Memory management is a form of resource management, referring specifically to the management of computer memory, or RAM. The core of the issue is to manage the allocation system memory when its needed and its release when it is no longer required. In modern computers, memory management also involves managing the virtual addressing system for each running process. Depending on the programming language, memory management can be manual, automatic, or both.
What does memory management do?
Every computer has a limited supply of memory that has to be shared across all running processes. Memory management ensures that this limited resource is freed up when no longer needed. Many older languages, such as C focus on manual memory management. This means that the developer of the application has to specifically allocate resources for values that need to be stored in memory. Once these variables are no longer required, the developer also has to release the memory again.

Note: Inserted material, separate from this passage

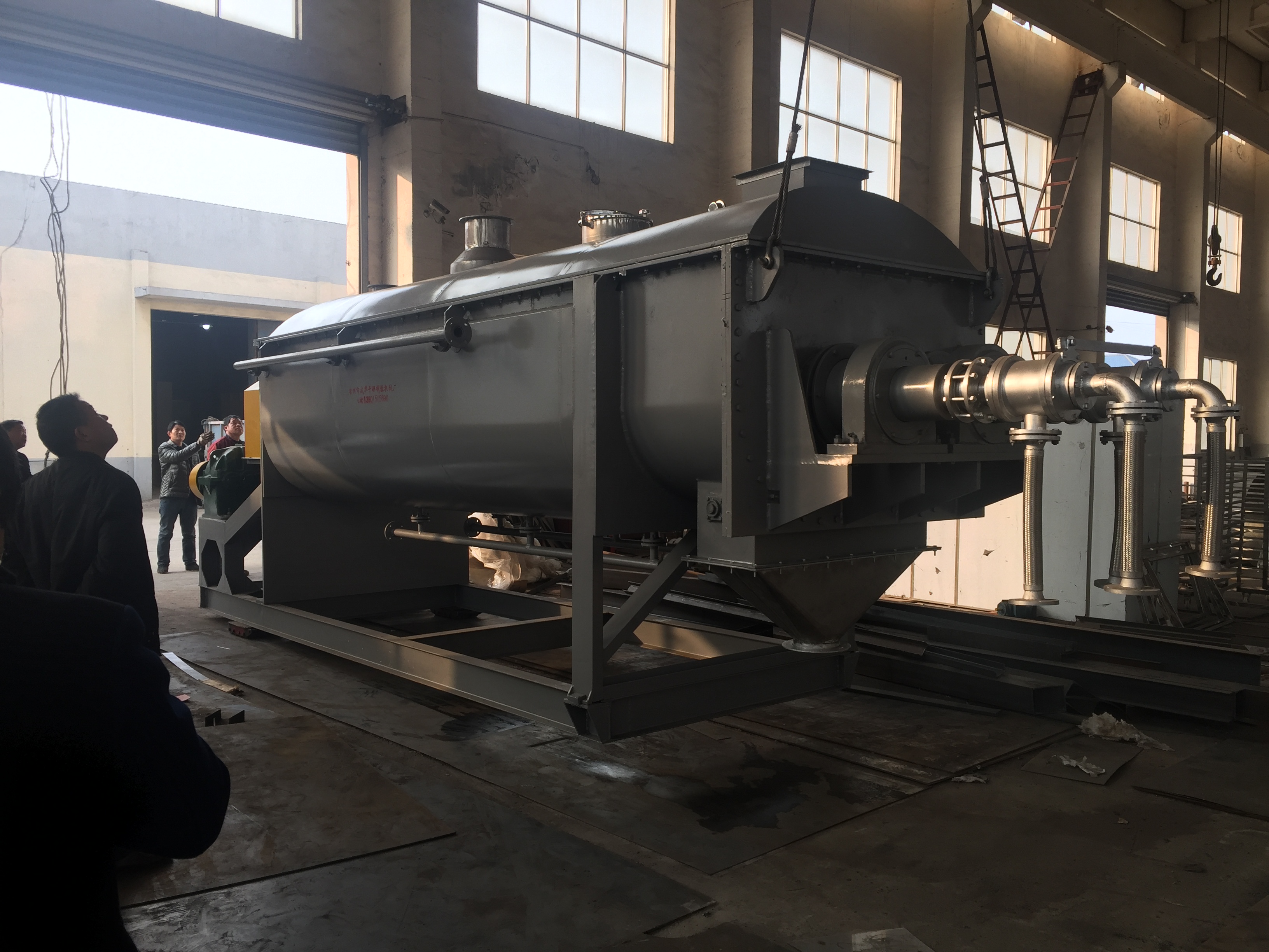 空心槳葉干燥機是一種在設備內(nèi)部設置攪拌槳,使?jié)裎锟圃跇~的攪動下,與熱載體以及熱表面充分接觸,從而達到干燥目的的低速攪拌干燥器。結構形式一般為臥式雙軸。槳葉式干燥器分為熱風式和傳導式。熱風式即通過熱載體(如熱空氣)與被干燥的物料相互接觸并進行干燥,在傳導式中熱載體并不與被干燥的物料直接接觸,而是熱表面與物料相互接觸。傳導式的優(yōu)點是物料不易被污染,排氣量小,熱效率高,體積相對小,有利于節(jié)約能源及防止空氣污染.

One of the other factors of manual memory management is needing to initialise variables and clear data before releasing the memory. For example, if you allocate memory to a variable, a memory address is assigned. No further actions are taken, so this memory address may contain values from its previous use that were never cleared. Acting on the data in uninitialized memory can have unpredictable results, which can involve garbage responses and program crashes. Even if you try to put data in the memory, if you don’t fill the whole space allocated to the variable, the space you didn’t use can contain uninitialized data. To avoid this, it’s important to initialise variables when manually managing memory.
Tip: Initialising a variable is the process of setting a variable to a known starter value, typically clearing it.
More modern languages, such as Python, tend to use automatic memory management. This automatically runs all the initialisation, and garbage collection procedures in the background. This reduces the complexity of development, however, it can affect performance somewhat and gives slightly less direct control to the developer.
Issues with memory management
There are a few ways in which messing up memory management can cause potentially serious issues. Using uninitialised memory, for example, can lead to undefined behaviour. Conversely, not clearing memory before releasing it can potentially leak data to the next application that tries to use that section of memory.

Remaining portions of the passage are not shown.